An interesting side effect of public key encryption systems is that they can be used "in reverse" to perform authentication. An authentication insures that a given transmission has not been tampered with, and that its origin can be verified. This process is usually known as a digital signature. Consider Alice from before: She encrypts a piece of text that says "Mary had a little lamb" with her private key and then sends the ciphertext over an open network to Bob claiming that the resulting ciphertext is "Mary had a little lamb." Bob can authenticate the received data: He tries to decrypt it with Alice's public key. If the result is what Alice claims, Bob can be sure that she sent it and that it was not altered in transit, as only the matching private key could have generated the data that he successfully decrypted using Alice's public key. The most common (and in the United states the only easily available) public key system is the RSA system, named for its inventors Rivest, Shamir, and Adelman [17].

Properties Of A Media Space Cryptosystem
As with many cryptographic systems, the crux of the problems associated with media space security can be boiled down to the problem of distributing the keys necessary for the cryptographic algorithms to provide the desired security. Our key distribution problems are made considerably worse by the fact that to make our media space usable it must have certain desirable properties:

Discussion Of Media Space Security Properties
Although our first goal may initially seem redundant, there are some subtleties present in it.

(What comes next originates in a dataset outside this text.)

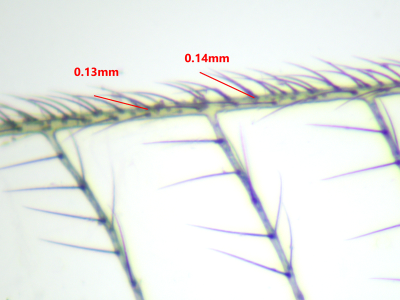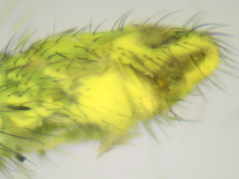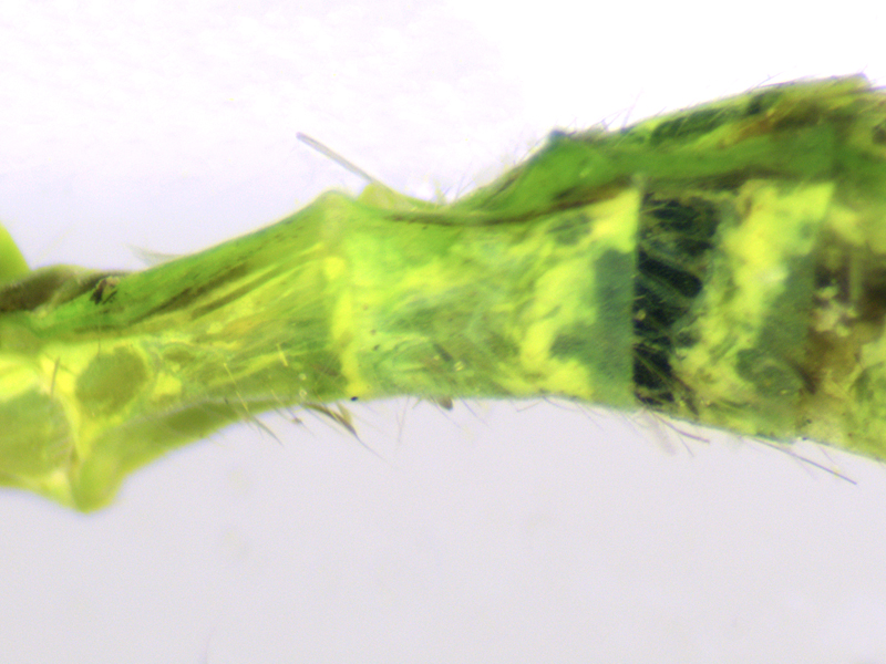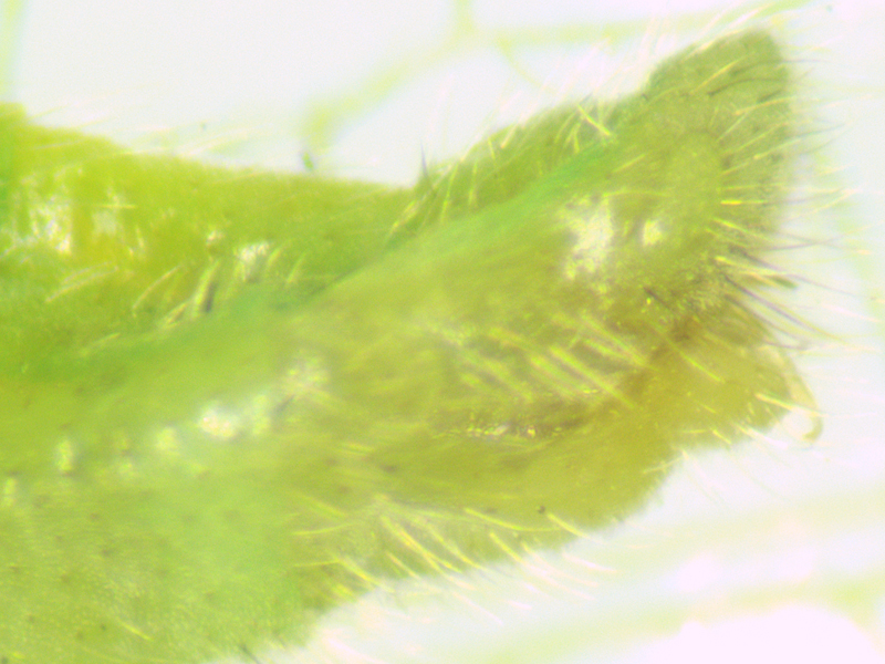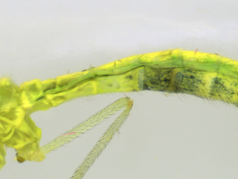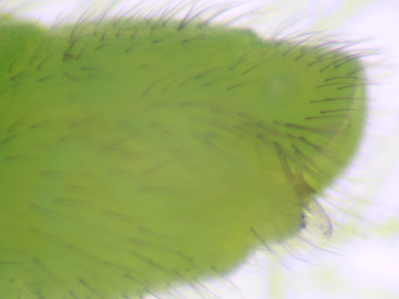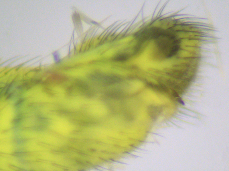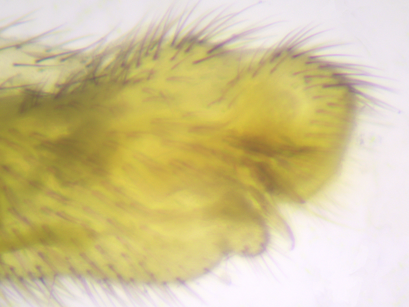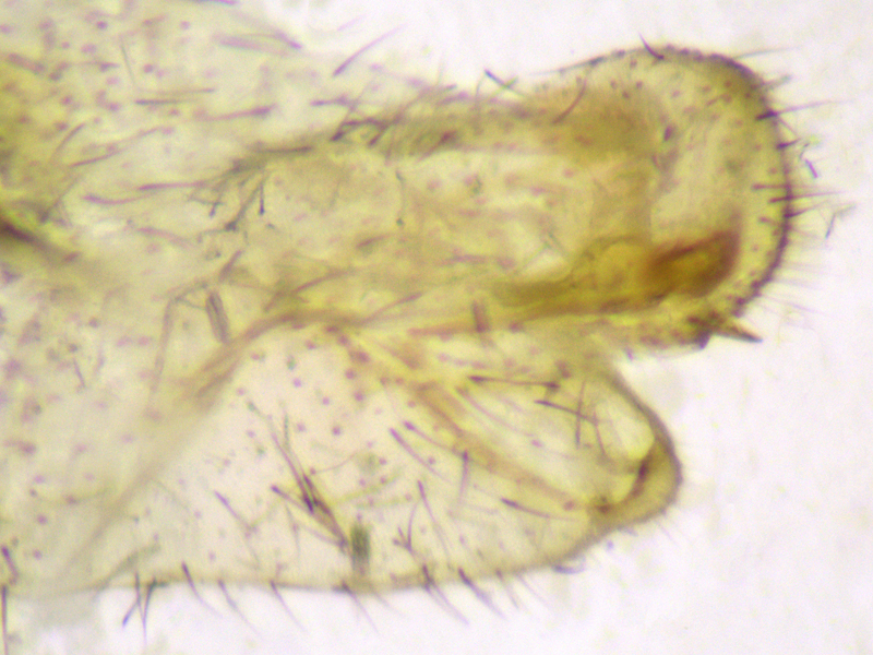 There weren't many costal hairs left to measure on this tatty individual! The membrane between the tergites and sternites isn't easy to photograph in normal side view or elevated view, but here I managed to capture it by photographing it in a glass pot looking up from a low angle. The wing shape was not clearcut to me and the few costal hairs I could find to meausre were a bit longer than the last two and probably within range for either species.

In a system such as ours, the system is going to use cryptography when necessary to insure that information is not accessible to a potential attacker, but there is room for human error. Besides using technology to avoid information leakage, the system should make every effort to help the user avoid situations with unexpected or unfortunate consequences.

An example of this kind of situation is present in everyday life with the "mute" buttons on many telephones. The mute button is designed to allow the user to keep the party on the remote end from hearing conversations at the local site. Interestingly, if a user does not fully depress the mute button or presses another button by mistake, the person on the remote end may overhear information they were not (specifically) intended to hear. Further, the mute button on most telephones provides no feedback if it is working properly, but worse yet provides no simple way for a user to evaluate its state (you can hardly ask the person on the other end!).

From a cryptographic standpoint the second of our objectives (separate channels) is clear: each media type should have a different key associated with it (or, as we will see later, a set of keys). The third objective, temporal separation, is to prevent a reuse attack. In such an attack, an attacker might legitimately obtain a key for a media type from a target user and then use this key at a later point in time, when the target is not intending to communicate with the attacker. Similarly, an attacker could record encrypted data and then legitimately obtain a key and use the key to go backwards in time accessing data that the target user assumed was secure.

Our fourth objective of support for flexible broadcast has two important implications. First, because users may need to communicate with relatively large numbers of other participants, efficiency considerations dictate the use of broadcast or multicast. If a user were to send a separate stream of data to each participant, the underlying network would experience a load increase proportional to the square of the number of participants. Given the large volumes of data involved in transmitting audio and video, ignoring this fact could have a grave impact on many networks. However, since data is broadcast, it is likely to be delivered not only to intended users, but also to potential interlopers.

Second, connection patterns between users may be complex and dynamic. Consider a negotiating session between two rival corporations taking place over a insecure channel. It is crucial at certain times for the rivals to communicate intra-corporation and at others inter-corporation. Such communication patterns need to be under interactive control of the participants involved rather than being fixed in nature. This flexibility makes use of centralized (trusted) authorities for key distribution problematic.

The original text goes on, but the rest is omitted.